As the district court observed:
While the government's interest in avoiding undue administrative burdens is not implicated in this case because a meeting of the Board was actually conducted, the government does have an interest in promptly and effectively disciplining employees. The government's interest in curtailing insubordination and enforcing orders is fundamental to the maintenance of public order and safety. Had the Mayor disqualified himself from hearing this matter, a quorum would not have existed, and Harrison's admitted acts of insubordination would have gone unpunished.
This court is persuaded by the logic of the Fourth Circuit's decision in Garraghty. The relatively slight deprivation resulting from a short-term suspension, considered in light of the demands emanating from the paramilitary nature of civilian police forces, and the slight risk of an erroneous deprivation (because of Harrison's admission of his violations), prompt the conclusion that no due process violation has occurred. Any other decision would threaten the ability of police departments to function properly, efficiently and effectively, the larger effect of which would pose a serious danger to the public safety. While the hearing may have been somewhat less than perfect, it satisfied due process requirements.

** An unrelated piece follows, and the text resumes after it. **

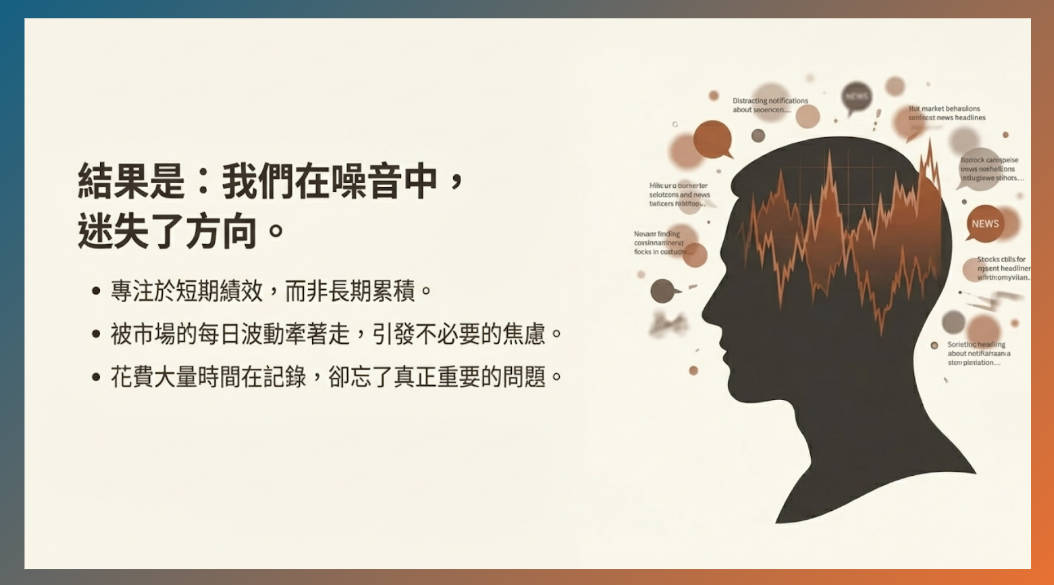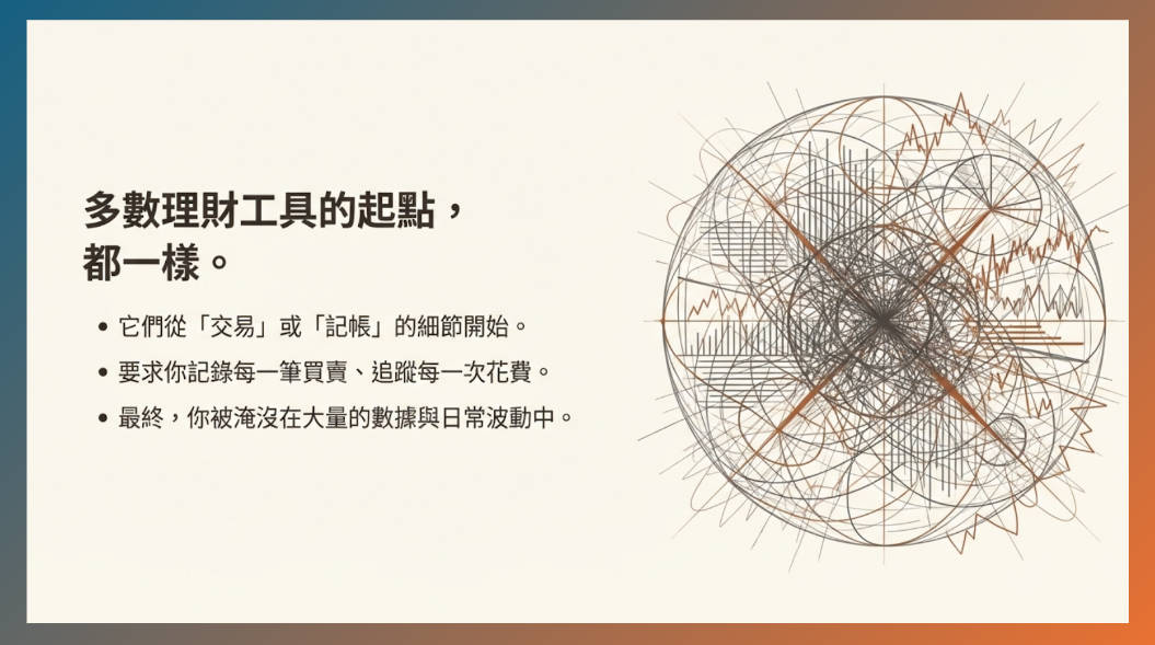 大多數理財工具從「交易」與「記帳」開始,讓人淹沒在瑣碎細節中,而真正該問的只有: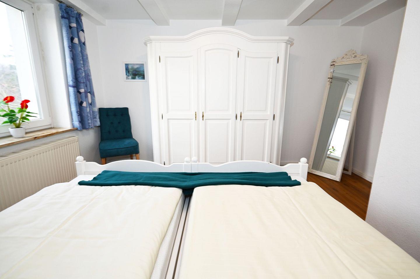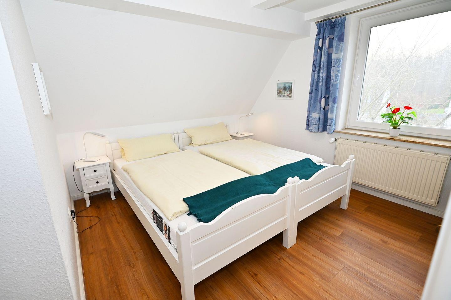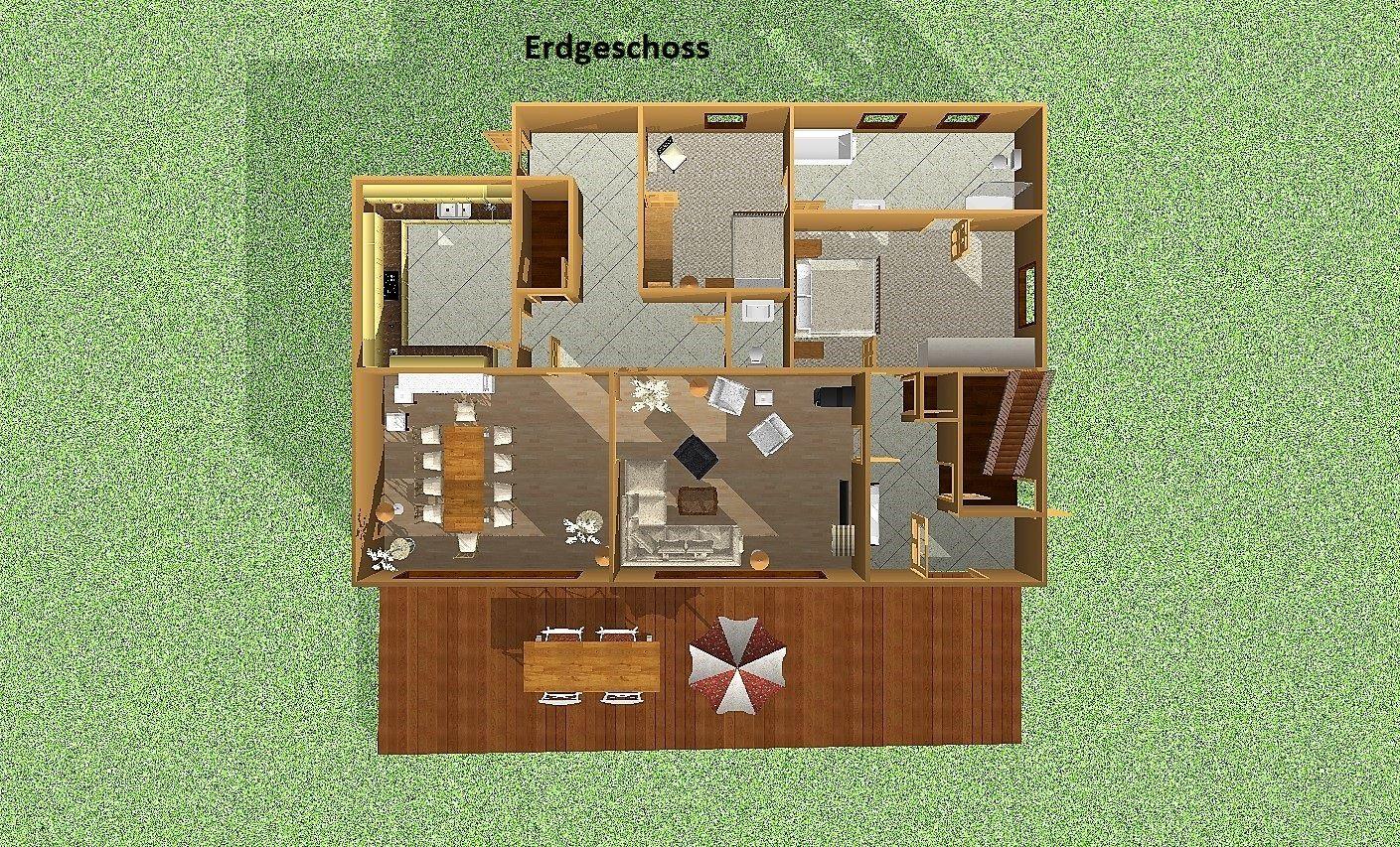 Neben den genannten Räumlichkeiten befinden sich im Erdgeschoss 2 Schlafzimmer. Eines der Schlafzimmer ist mit einem großen Doppelbett ausgestattet (200x200 cm). Das zweite Schlafzimmer verfügt über ein Einzelbett (90x200 cm). Zudem befindet sich unmittelbar angrenzend an die beiden Schlafzimmer ein großes Badezimmer mit Dusche, Badewanne, WC und Waschbecken. Zusätzlichen Komfort bietet das Gäste-WC im Erdgeschoss des Hauses.

Although plaintiff relies on Londoner v. Denver, 210 U.S. 373, 28 S.Ct. 708, 52 L.Ed. 1103 (1908), there the Board of Equalization adopted the assailed resolution without any hearing and adopted an ordinance without affording the affected landowners an opportunity to be heard. Here, of course, the Board of Public Works and Safety gave plaintiff notice of its hearing and permitted him to testify, so that Londoner offers no support. Similarly, Coniston Corporation v. Village of Hoffman Estates, 844 F.2d 461 (7th Cir.1988), does not assist this plaintiff because he received a hearing in an adjudicative setting as to his non-compliance with police department orders. There was no due process violation.
The judgment granting defendants' motion for summary judgment is affirmed.